Answer: The answers appear in the table above.

#### 5. [15 Points] Pipeline Hazards.

Consider the sequence of MIPS instructions below:

add \$8, \$4, \$1 lw \$2, 8(\$5) sllv \$2, \$2, \$4 andi \$5, \$5, 0x3 sw \$5, 0(\$6)

(a) Draw arrows from producer to consumer on the instructions above indicating all the data dependences.

Answer: There is a dependence between the lw and the sllv instruction via \$2, and another between the and i and the sw via \$5.

(b) Reorder the instructions into a new schedule that will execute without any stalls on a 5-stage pipelined processor with forwarding. For reference, you may refer to the pipeline diagram below.

## Answer:

We need to avoid the 1-cycle load-use stall between the lw and the sllv. We can simply put the add in between.

lw \$2, 8(\$5)
add \$8, \$4, \$1
sllv \$2, \$2, \$4
andi \$5, \$5, 0x3
sw \$5, 0(\$6)

(c) Reorder the instructions into a new schedule that will execute without any stalls on a 5-stage pipelined processor *without* forwarding. For reference, you may refer to the pipeline diagram below.

## Answer:

The sllv has a data dependence on the lw, and the sw on the andi. Since we have no forwarding, we need to allow 2 cycles between the dependent instructions, so that the producer can reach WB when the consumer is in ID.

lw \$2, 8(\$5) andi \$5, \$5, 0x3



| add  | \$8,         | \$4 <b>,</b> | \$1    |  |  |
|------|--------------|--------------|--------|--|--|
| sllv | \$2 <b>,</b> | \$2 <b>,</b> | \$4    |  |  |
| SW   | w \$5,       |              | 0(\$6) |  |  |

## 6. [15 Points] Pipelining.

- (a) Suppose you have a 5 stage pipeline in which the IF, ID, EX, MEM, WB stages took 3ns, 2ns, 2ns, 3ns and 2ns respectively. Explain performance impact in comparison with a single cycle implementation in each of the following scenarios.
  - i. How long does a single instruction take in the a single-cycle implementation?

**Answer**: (3+2+2+3+2) = 12ns

ii. How long does it take N instructions to complete in pipelining, where N is some arbitrary large number?

**Answer**: 3\*N + 12

iii. What is the speedup of pipelining?

Answer: 4x speedup

iv. Is that the max speedup? Why or why not?

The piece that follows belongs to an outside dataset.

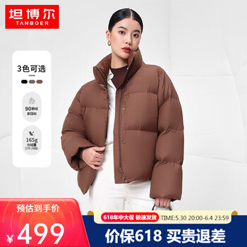 坦博尔【品质鹅绒】羽绒服女宽松鹅绒服外套女短款TW236362 黑糖咖啡 S 160/84A
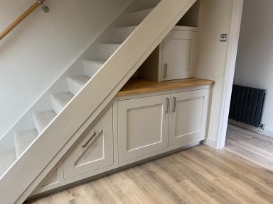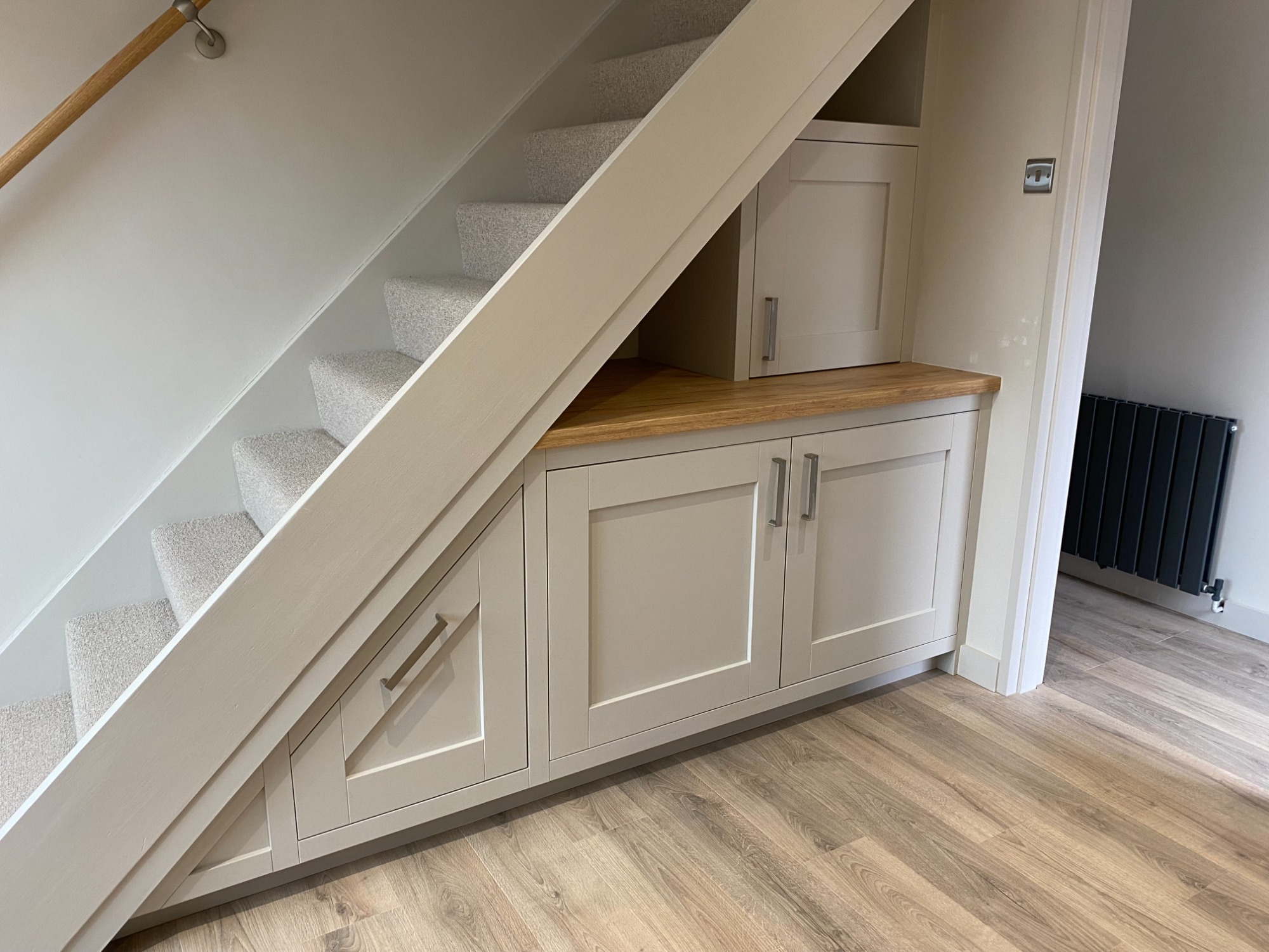 .We can do everything from custom made cabinets to fitting kitchens and hanging new doors. Be it supplying the materials and making them to size, or simply using products off the shelf, like Howdens for example.

**Answer**: No, this is not the ideal speed-up, as the pipeline stages are not balanced. In otherwords, since the IF and MEM stages take 3ns, that will be the lenght of each stage, regardless of the fact that the other 3 stages take less time.

(b) Why do pipelined machines in general offer improved performance?

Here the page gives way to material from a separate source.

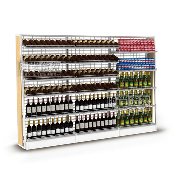這款超市貨架專用于紅酒商品的陳列,是時尚貨架專為超市紅酒區(qū)打造的陳列道具,具有極佳的展示效果。
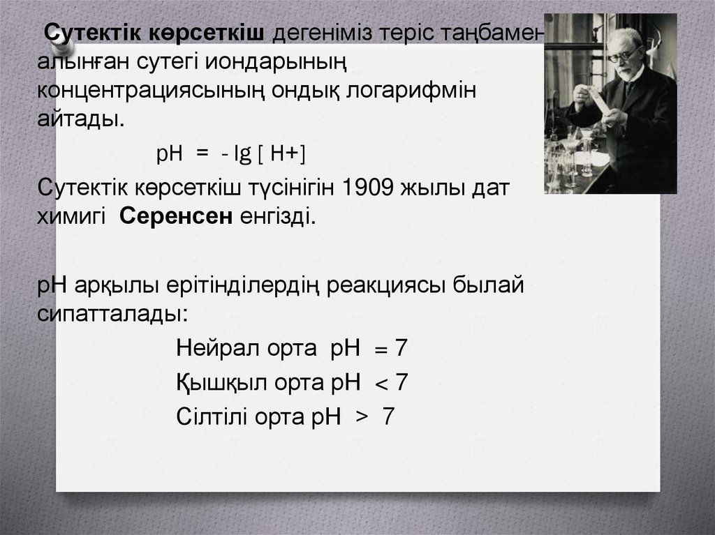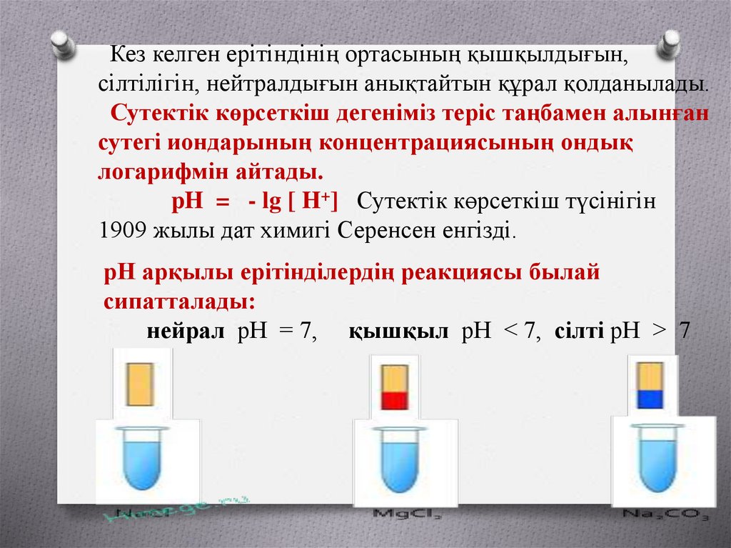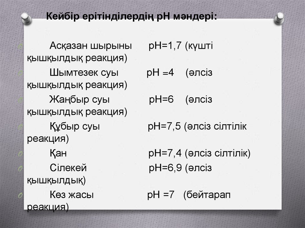 нейрал рН = 7, қышқыл рН < 7, сілті рН > 7

**Answer**: Pipelined machines offer better throughput because when pipeline multiple stages are utilized at the same time, pipelined machines complete one instruction in the time it takes a single stage to complete. This is faster than the time it takes for the entire processor to complete every stage before fetching a new instruction.